The Supreme Court’s 2002 ruling applies to people whose intellectual functioning is subaverage (mainly with an I.Q. of 70 or below), who are limited in communicating, caring for themselves and other adaptive skills and who show these traits before they are 18. In the Georgia case of Warren Lee Hill Jr., Mr. Hill’s I.Q. of 77 was found to meet the threshold, but he was unable to prove beyond a reasonable doubt that his adaptive skills were impaired.
Judgments about mental impairment are necessarily based on subjective interpretations of behavior. The Supreme Court has noted how hard it is to prove this kind of mental condition beyond a reasonable doubt. Proof turns on expert testimony, and an effective opposing expert can raise doubt. That is why, of the 33 other states with the death penalty, 28 use a lower standard of proof for mental retardation.
The appellate court contends that the Supreme Court has never “suggested, much less held, that a burden of proof standard on its own can so wholly burden an Eighth Amendment right as to eviscerate or deny that right.” But when the court ruled that the Eighth Amendment prohibits execution of the mentally retarded, it made plain that states cannot weaken that protection with an unfair procedural standard. In this and other ways, Georgia’s death penalty subverts the Constitution and is further evidence that capital punishment should be abolished.

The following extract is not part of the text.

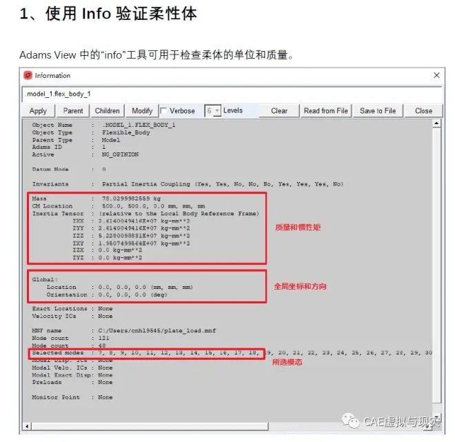 将MNF或MD DB导入Adams View后,可以使用“info”工具检查有关弹性体的相关数据。

Not only do we agree with the NYT Editorial, we suggest that the kind of society that is developing in the U.S. is one in which the dignity of the individual human being is less and less protected by the state. Georgia, for example, in attempting to subvert the Supreme Court decision prohibiting the death penalty for intellectually challenged individuals, is signalling to the world not only its support for the death penalty, but also that support extends to those least able to comprehend their actions and the implications of those actions. Being able to demonstrate "beyond a reasonable doubt" that one's intellectual capacity is impaired is not only empirically impossible; it is also an extremely unreasonable standard for any individual regardless of intellectual capacity or impairment.
- When workers are nothing more than chattels in a corporation, another piece of the raw material used in production, without regard to minimal health and safety standards and protection
- When mothers and fathers have to decide between feeding their children and buying the prescription drugs that an ill family member requires
- When fathers drive their teen-age children around in junk-vans, moving from place to place every night, to avoid detection by the authorities, because they have no home, having lost the state supported motel rooms, and all hope of legitimate income (se 60 Minutes, November 27, 2011)
- When children are forced to take part-time work to help pay family bills, because their parents cannot find work
- When the incomes of those at the top so far outstrip those at the bottom of the income scale
And that kind of society will not sustain itself; it will crumble in its own narcissistic ashes...and very soon!